V. >> (Mom, Dad, I’m talking about sex. You might want to skip this one. But if you do read it, please, never talk to me about it!)
There’s one thing that I’ve learned from starting a blog on becoming a mommy. Lots of us out there worry about what our hoohas will look and feel like after giving birth (I just need to look at the searches that lead people to this blog)!!! I can definitely relate, and am so happy that my thoughts can inform/reassure/scare the shit out of some of you.
Here’s a positive side to giving birth through my hooha: sex has become better than ever! Let the good times begin 🙂 (if we can only find the time and energy, of course). I always worried, before becoming a mommy, whether I would become looser, if it would feel the same (both for my boyfriend and I). I worried whether having my breasts touched after using them to feed my daughter would feel weird, if they would hurt.
The good news is that once the healing had taken place on my Lady V (I wrote about that here), not only were the sensations better, but I felt more liberated as a woman and had an easier time letting go and enjoying these sensations. I mean, 6 resident physicians, three nurses, a doula, my boyfriend, and my video camera were all there while my hooha was stretched to its max and a head came through it. I think it would be impossible for me to be shy around my boyfriend anymore! If he still loves me after I went delirious during labour, he’ll still love me when I go delirious during sex. Enough said.
I’ve also learned that, although my breasts are serving their primary function as a feeding apparatus right now, I don’t have as much difficulty as I feared seeing them as dual purpose anymore. It is possible not to get both confused.
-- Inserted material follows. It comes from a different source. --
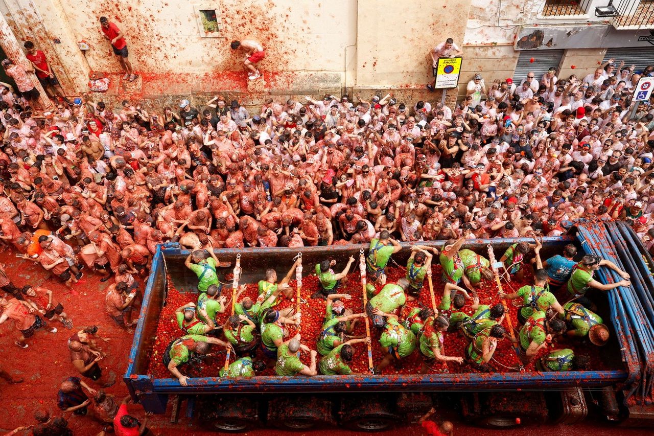 เมืองบูญอล ทางตะวันออกของสเปนเต็มไปด้วย เสียงหัวเราะ เสียงกรี๊ด และคราบสีแดงสดจากมะเขือเทศกว่า 120 ตัน ที่ปกคลุมทั้งถนนและร่างกายนักท่องเที่ยวกว่า 20,000 คน ที่มาร่วมงานเทศกาล "ลา โทมาตินา" งานปามะเขือเทศที่ยิ่งใหญ่ที่สุดในโลก ซึ่งจัดขึ้นเมื่อวันพุธที่ผ่านมา

I do have to admit that the first time I had sex after ripping, healing, and having nothing up there for a few weeks, my hooha kinda felt like an elastic band left out in the cold for too long. Stretching was slooooow going. But, once the stretching was done, it was fan-tas-tic. And yes, my boyfriend enjoyed it very much. He didn’t think there was much of a difference from before the birth.
If you’re worried about the possible “looseness” that might ensue from giving birth, get going on those kegels (but not too much! After all, you don’t want to end up having the Jaws of Life as a vagina). And, of course, don’t forget that you shouldn’t get down and dirty with your partner at least before the recommended 6-week healing period (same goes for taking a bath, wait until you’re healed) and definitely WITH birth control. Don’t think that because you’re breastfeeding or pumping your breast milk that you’ll be totally infertile; both my sister and I got our periods at around the 2 month mark, so the baby-makers are back up and running.
Finally, I’ve learned that, although we might not always have the time, energy, or possibility of having sex, a tender and passionate kiss, a touch in passing, or even holding each other can be almost as satisfying as the act in and of itself. Throughout these stressful times, it’s important to be able to not forget how we came to have a child in the first place. It’s important to take the time to appreciate each other, and see our partner, not only as the father of our child, but also as our lovers and our best friends.
So for all of you ladies worried about that might become after birth, once your fatigue lifts enough for you to even feel like having sex, and once you find the time to enjoy each other fully, it will be possible to have great sex! Phew!